As enterprises modernize their on-premises data infrastructure, the combination of Cloudera Data Platform and Red Hat OpenShift Virtualization (OCP-V) is emerging as a transformative architecture.
This joint engineering work demonstrates:
- Production-grade deployment of Cloudera on-premises Base (a.k.a Cloudera Private Cloud Base) on OCP-V
- Successful validation at 100+ OCP-V Virtualized nodes
- End-to-end integration with Data Services (CDW, CDE, CAI)
- Enterprise-grade security with TLS, Kerberos, LDAP, Ranger, and Knox
This document brings together the complete deployment workflow, architecture overview, a real-world use case deployed for functional validation, along with validation results and key outcomes - serving as a practical blueprint for field, engineering, and customer teams.
Why OpenShift Virtualization for Cloudera?
This converged architecture encompasses the following:
- Unified, Cloud-Native Platform: OpenShift Virtualization enables Cloudera Base VMs and containerized workloads to run together on a single Kubernetes platform, eliminating split operational models and simplifying lifecycle management.
- Elastic, Automated, and Secure Operations: Dynamic resource scaling, rapid VM provisioning, built-in high availability, strong security controls, and GitOps/Ansible-driven automation address the rigidity and operational overhead of legacy VM and bare-metal environments.
- Proven at Scale: This architecture is validated through large-scale testing, integrating a 100+ node OpenShift Virtualization–based Cloudera Base cluster with a dedicated 7-node bare-metal Data Services cluster, demonstrating robustness and real-world readiness.

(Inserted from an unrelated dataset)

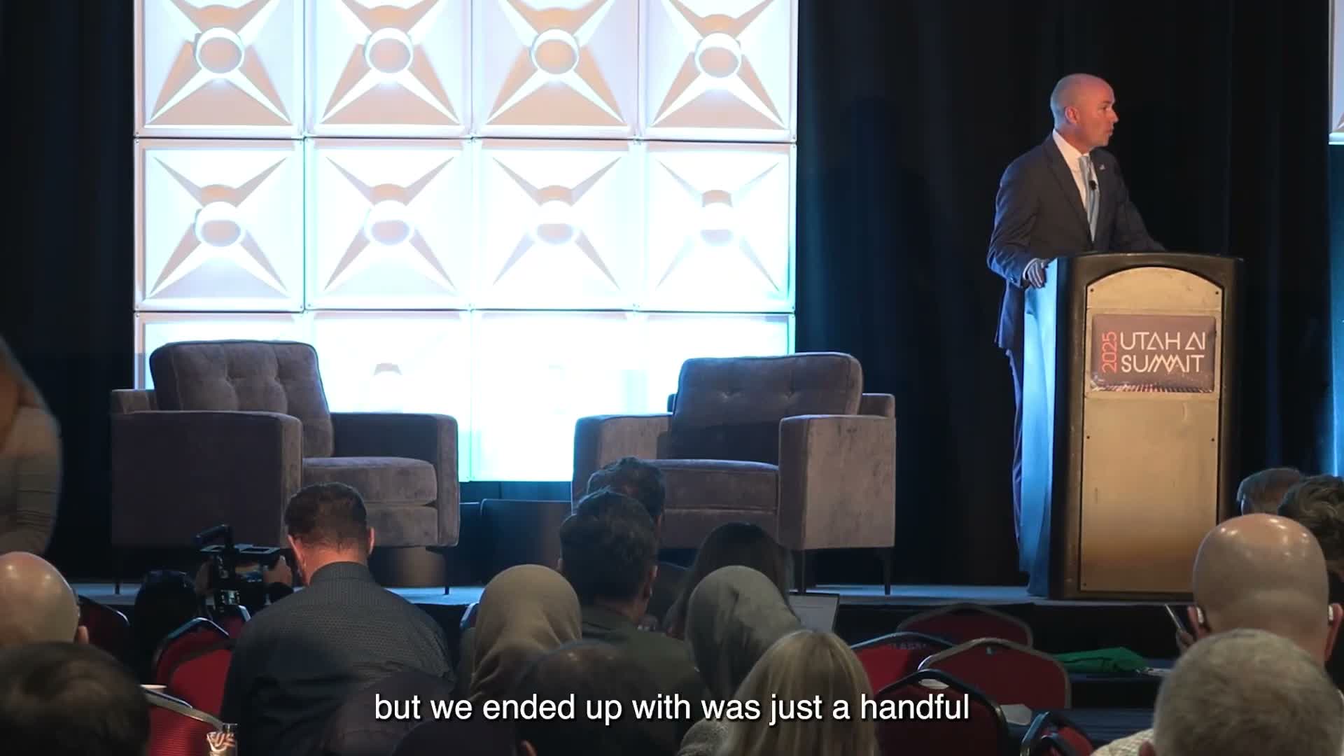 The remarks included concerns about education: the presenter warned against students using AI to write papers and professors using AI to grade them, framing such practices as diminishing human capacities. He praised recent state education work — the Utah State Board of Education's "portrait of an AI-infused learner and teacher" — as a step toward preserving mentorship and critical thinking.

The Technical Stack at a Glance
Red Hat and Cloudera components:
Component | Key Version | Role |
Red Hat OpenShift Container Platform, Red Hat OpenShift Virtualization | 4.17.42 | Virtualization & Containerization
|
Red Hat Enterprise Linux (RHEL) | 9.5 | Operating system |
Cloudera Manager | 7.13.1 CHF4+ | Centralized cluster management |
Cloudera Base on Premises | 7.3.1.400 SP2 | Cloudera’s core data runtime |
Cloudera Data Services on Premises | 1.5.5 | Platform for Data Services |
Cloudera Base - OpenShift Cluster - 100+ Bare Metal Nodes
OpenShift Virtualization VMs created across the 100+ worker node cluster, with node affinity/anti-affinity assigned to run one VM on each bare-metal worker node.

Cloudera Data Services - OpenShift Cluster - 7 Bare Metal Nodes

Data Services Testing At Scale
End to End Functionality was validated across the major Data Services:
- CDW (Cloudera Data Warehouse) : Created Virtual Warehouses (Hive / Impala) and ran successful sample CRUD queries via the Hue interface.

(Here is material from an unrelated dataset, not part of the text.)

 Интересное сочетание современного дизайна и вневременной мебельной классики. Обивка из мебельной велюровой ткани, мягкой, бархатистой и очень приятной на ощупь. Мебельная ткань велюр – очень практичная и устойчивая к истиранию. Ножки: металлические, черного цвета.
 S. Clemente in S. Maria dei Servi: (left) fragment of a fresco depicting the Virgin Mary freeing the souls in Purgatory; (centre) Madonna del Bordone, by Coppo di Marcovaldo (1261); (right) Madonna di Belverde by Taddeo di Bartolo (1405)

- CDE (Cloudera Data Engineering) : Set up Virtual Clusters (Spark 3.5.1), added Hadoop Authentication with a Keytab, and executed multiple sample Spark jobs.
- CAI (Cloudera AI) : Successfully deployed the AI Workbench, configured Hadoop Authentication, and tested session creation with sample project templates, along with the deployment of Cloudera Agent Studio.
Enterprise Security
Implemented a full security suite, ensuring the cluster meets enterprise compliance and operational needs:
- Identity & Access : Leveraged FreeIPA (v4.12.2) as the Identity Provider for Kerberos and LDAP, securing principals and simplifying user management.
- Data Protection : Used Ranger for granular access control and AutoTLS (Self-signed) for encryption in transit.
- Gateways : Knox and Atlas were configured, with access secured either directly or via the Knox SSO gateway.
Real-World Proof: The Use Case
Executed a Bank Branch Performance Analytics workload to exercise the full data lifecycle - ingestion, processing, and serving. This involved:
- Ingesting data into HDFS/Ozone.
- Processing and transforming the data using CDE Spark jobs.
- Querying and reporting from data materialized in CDW (Hive/Impala).
- Visualizing the final metrics with a data visualization app.
Full Use Case Details
Together, Cloudera and Red Hat enable a future-ready on-premises analytics platform that combines the flexibility of Kubernetes with the power of enterprise data services. This proven, large-scale deployment shows how organisations can confidently modernise their data infrastructure while maintaining security, control, and operational excellence.